**What to produce**
Write out the lines below exactly, beginning at the one with "もしくは専用の調理器具にいれ炭火のうえにくべます。" and stopping after the one with "2、有趣的游戲模式,玩家需要"; the pictures are not copied.

**Records for this task**
::::

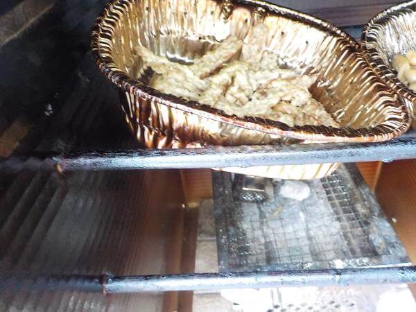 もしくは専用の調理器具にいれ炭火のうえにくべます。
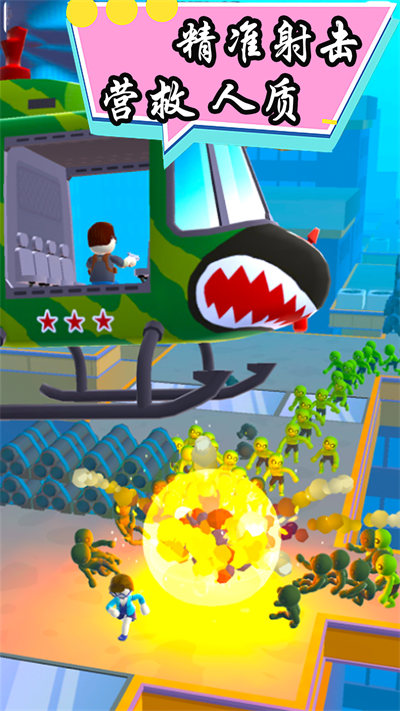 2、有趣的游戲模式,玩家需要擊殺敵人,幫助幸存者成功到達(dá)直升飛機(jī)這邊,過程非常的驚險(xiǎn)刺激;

::::

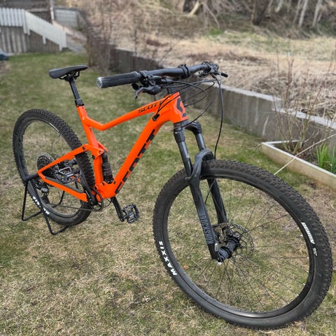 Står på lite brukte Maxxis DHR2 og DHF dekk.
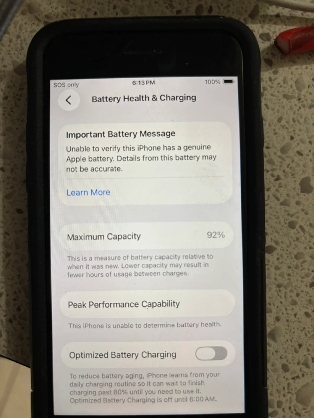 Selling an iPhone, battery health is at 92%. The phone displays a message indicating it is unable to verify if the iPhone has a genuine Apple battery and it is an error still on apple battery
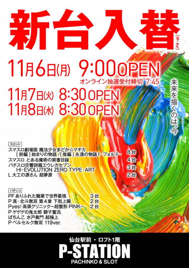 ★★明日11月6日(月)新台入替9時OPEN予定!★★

::::

**Exercise result**
 もしくは専用の調理器具にいれ炭火のうえにくべます。
 2、有趣的游戲模式,玩家需要擊殺敵人,幫助幸存者成功到達(dá)直升飛機(jī)這邊,過程非常的驚險(xiǎn)刺激;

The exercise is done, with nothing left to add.